It is difficult to debug the error code of mclapply because all values of a job are affected.
I prepared a simple example.
library(parallel)
library(dplyr)
data(iris)
## Parallel Version
parFun <- function(i){
print(i)
## Generate a random subset of the iris data set
daf <- iris[sample(1:nrow(iris),10),]
## Bug in iteration number of 39, some internal function returned NULL
if(i == 39){
daf <- NULL
}
## Dplyr produces an error, needs an if test for NULL
res <- daf %>% group_by("Species") %>% slice_min(order_by = Petal.Width, n = 2)
return(res)
}
## Do the call which returns error code
## Scheduled core 3 encountered error in user code, all values of the job will be affected
resList <- mclapply(1:50,parFun,mc.cores=12)
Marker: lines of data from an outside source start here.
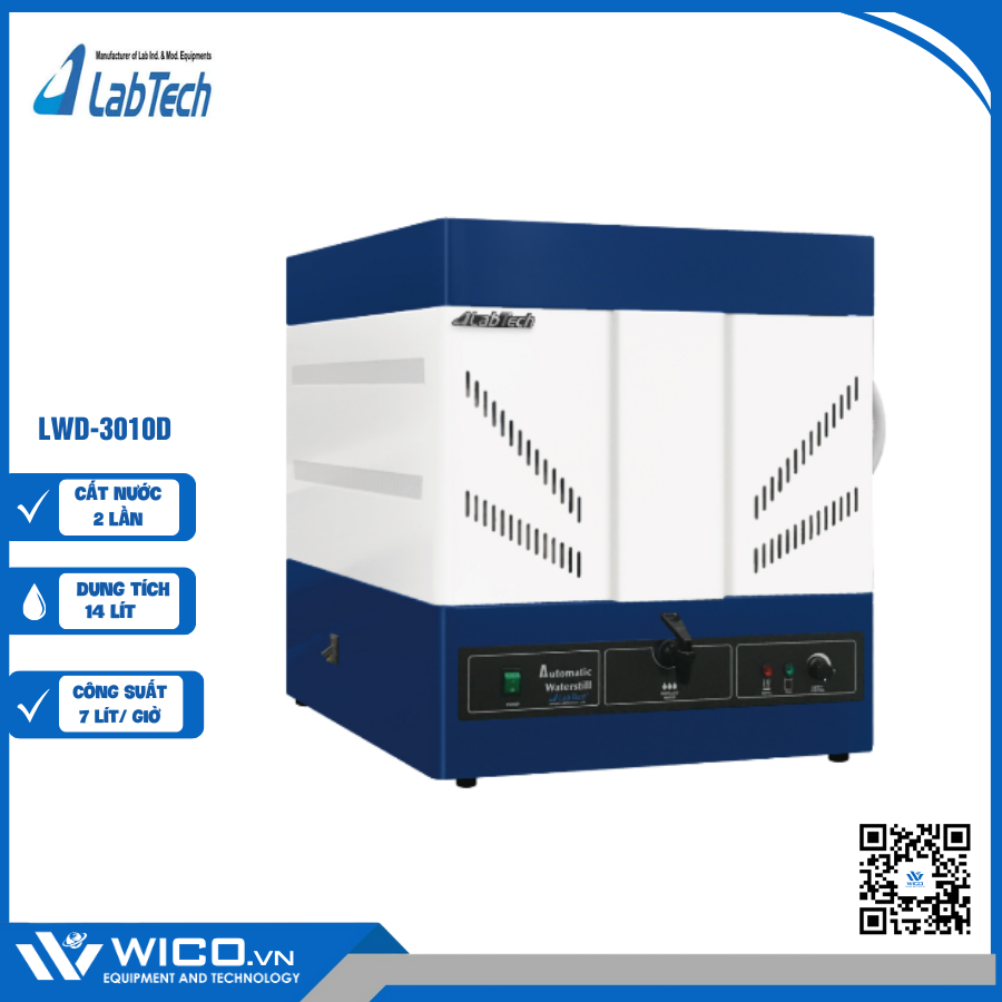 LWD-3010D là dòng máy cất nước 2 lần hoàn toàn tự động do hãng Labtech thiết kế và chế tạo. Với thiết kế nhỏ gọn, toàn bộ máy và bể chứa nước thành phẩm 14 lít được lắp đặt trong 1 khung máy bằng thép cán nguội sơn phủ Epoxy. Sản phẩm được nhập khẩu và phân phối chính hãng bởi Wico Việt Nam.
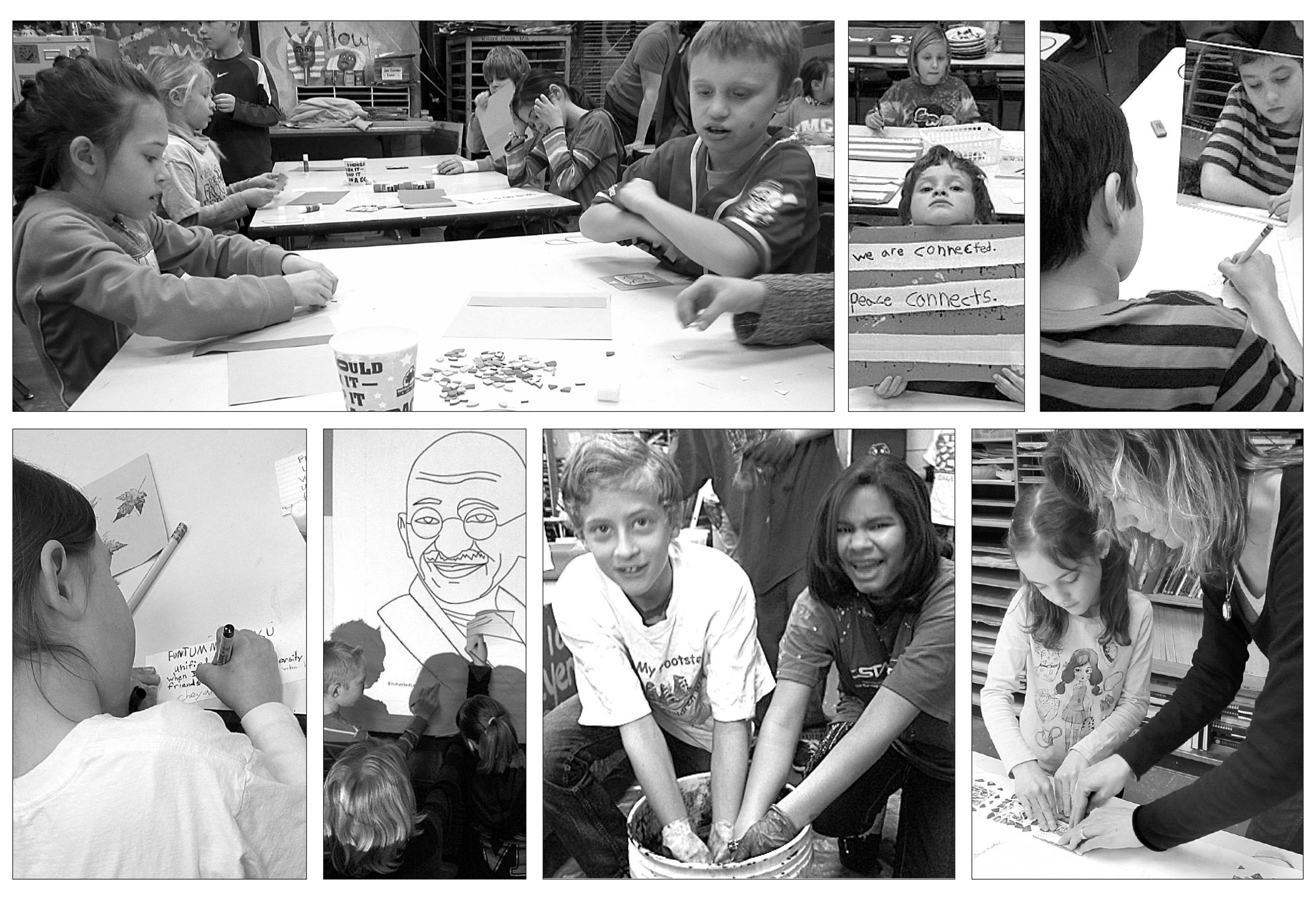 For the past eight weeks, Mills Lawn students have been involved in a whole-school project that promotes building a culture of peace. The culmination of Project Peace, a multimedia triptych featuring portraits of historic peacemakers, will be honored at a reception from 2–4 p.m. on Sunday, March 24, at Antioch University Midwest. Shown above are, from top left clockwise, second graders Karmyni Van Pelt and Joshua Clark; kindergartner Sam Trelawny-Cassity holding a peace message; Kaden Bryan drawing his self-portrait; artist-in-residence Deb Housh working with Olive Cooper; sixth-graders Teymour Fultz and Hailey Qualls immersing themselves in indigo dye; fourth graders admiring a portrait of Gandhi; and a student writing her peace message. (photos by Allison Paul)
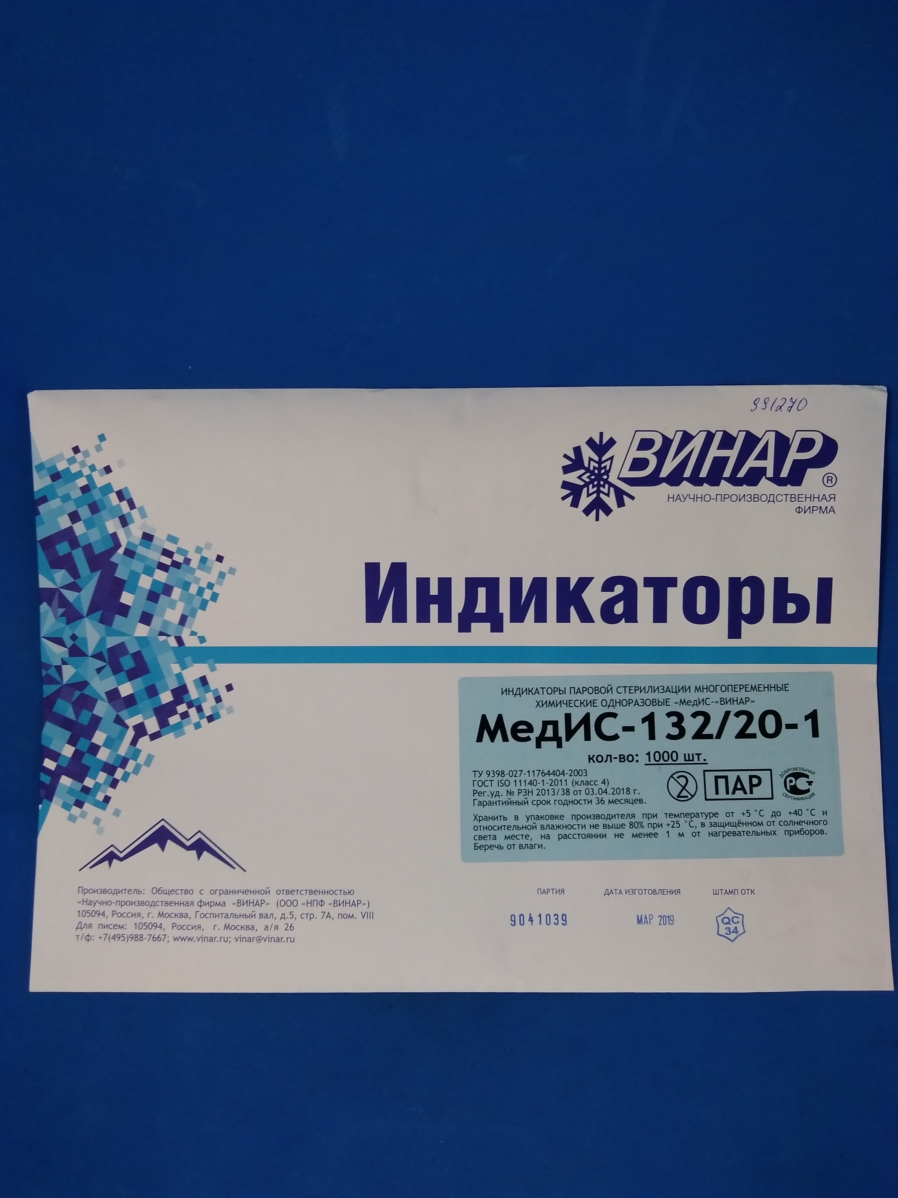 Индикатор паровой стерилизации бумажный МедИС-132/20 (на 1000 тестов), с липким слоем
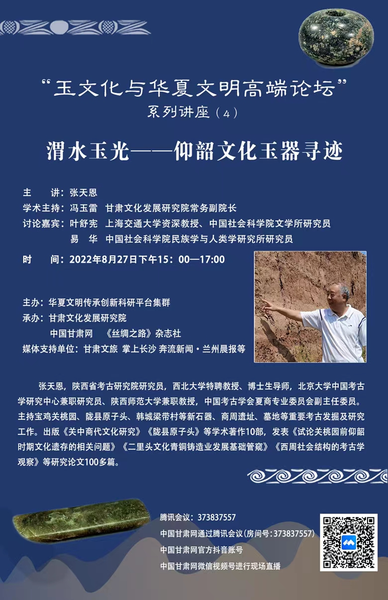 中國甘肅網(wǎng)8月28日訊  27日下午15:00—17:00,由西北師范大學(xué)華夏文明傳承創(chuàng)新科研平臺集群主辦,甘肅文化發(fā)展研究院、中國甘肅網(wǎng)、《絲綢之路》雜志社聯(lián)合承辦的“玉文化與華夏文明高端論壇”第四講《渭水玉光——仰韶文化玉器尋跡》成功舉辦。
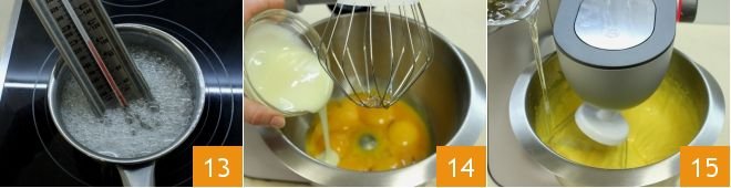Meanwhile, heat the water with the sugar in a saucepan, stirring occasionally with a spatula. When the sugar has dissolved, place a kitchen thermometer in the saucepan 13 and without stirring further, bring the syrup to 250°F. While the syrup is reaching temperature, place the egg yolks in a stand mixer (or work them with an electric mixer), add the condensed milk 14, and start whipping them. When the syrup has reached the temperature, pour it slowly over the yolks while continuing to beat 15: you will need to continue working the mixture until it has completely cooled.

idx <- sapply(resList,function(x){is.null(nrow(x))})
## Depending on the number of cores a sequence of jobs is affected
which(idx == TRUE)
How to debug such code for several 1000 iterations ? How to find the single i that causes the error ?
In your call of mclapply, wrap up parFun with a tryCatch block. Codes below:
resList <- mclapply(
1:50,
function(iter) tryCatch(
parFun(iter),
error = function(e) e
),
mc.cores=parallel::detectCores()
)